For every voxel, the brute-force algorithm would traverse the viewing ray for all 𝑛

camera views, which takes 𝑛𝑁 times, therefore the whole algorithm takes 𝑂(𝑛𝑁4).

This algorithm is very slow, but because it is implemented on a voxel basis, it takes the advantage of parallelization. One definitely can make this implementation together with occluder probability inference in a single function, thus reduce the data transfer time between the CPU and GPU. This algorithm takes the camera projection matrices, foreground volume, pre-computed background probability images from all cameras as input and computes two accumulating values, namely Eq. 3.10, and the final occluder

probability as output.
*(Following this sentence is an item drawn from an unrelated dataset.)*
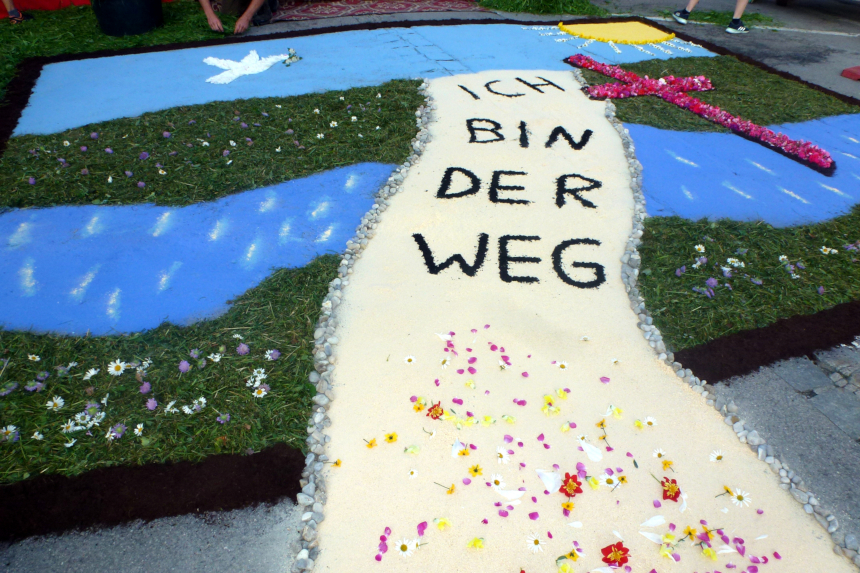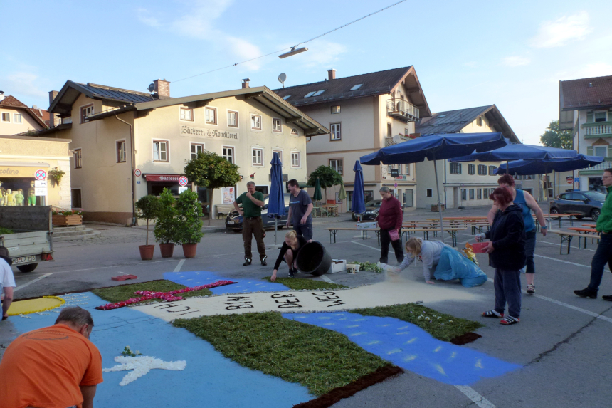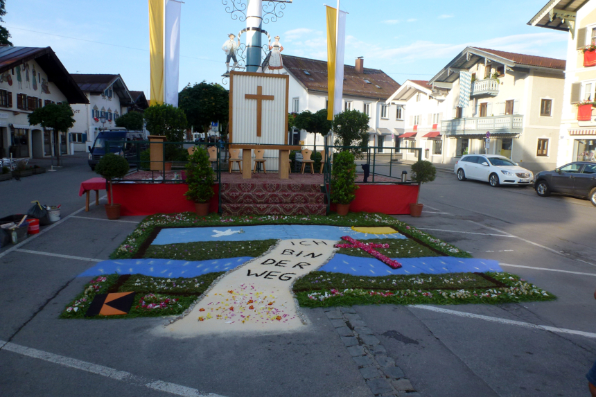 Wiedereinmal ist es geschafft. Vielen Dank an die vielen Helfer, beim Aufbau des Altars und beim gestalten des Blumenteppichs.

However, the implementation shows that it takes more than 4 minutes to compute one time instant, which is much slower than optimized CPU version. Therefore, it is definitely not acceptable for a real-time solution.

Peak Finding—Divide and conquer method

What is actually implemented in the final GPU version is splitting the peak finding process and the occluder inference process. More specifically, one can pre-compute two volumes storing “peak-in-the-front” and “peak-behind” values for each voxel from one camera direction, compute the intermediate marginalization probability result in a temporary volume, and move on to next camera direction. For each direction, a 2D image is used to store the maximum value along the viewing ray so far has been swept, and sequentially test 2D slices along the direction in the 3D volume against this 2D image. While this reduces the time complexity to 𝑂(𝑁3), two 2D images have to be kept to store the current “peak-in-the-front” and “peak-behind” values when the sweeping plan traveling the 3D volume in the “front-to-back” and “back-to-front” order with respect to the camera direction. Four more volumes are also needed to store the temporary probability result, since the algorithm is computing every camera view separately first and merging them in the final step.

Peak Finding—Cache-friendly divide and conquer method

Since the plane sweeping direction depends on the camera view orientation, for a certain camera view, the plane sequential value access may be not local at all, for which the operating system may be constantly transferring data pieces in and out of the cache. This actually has a huge impact on the speed of the peak finding. From the “Peak finding analysis” in Section 3.5.3, one can see that it might take about 2 times more to complete the peak finding process for a cache-unfriendly direction than a cache-friendly one as CPU implementation. However, since the cache-friendly CPU version requires ordered

traversal, which prevents parallelization, the GPU version cannot really benefit from it. Therefore, the final GPU implementation goes with the cache-unfriendly version as described in the previous section. However, there might still have room in this direction for speedup.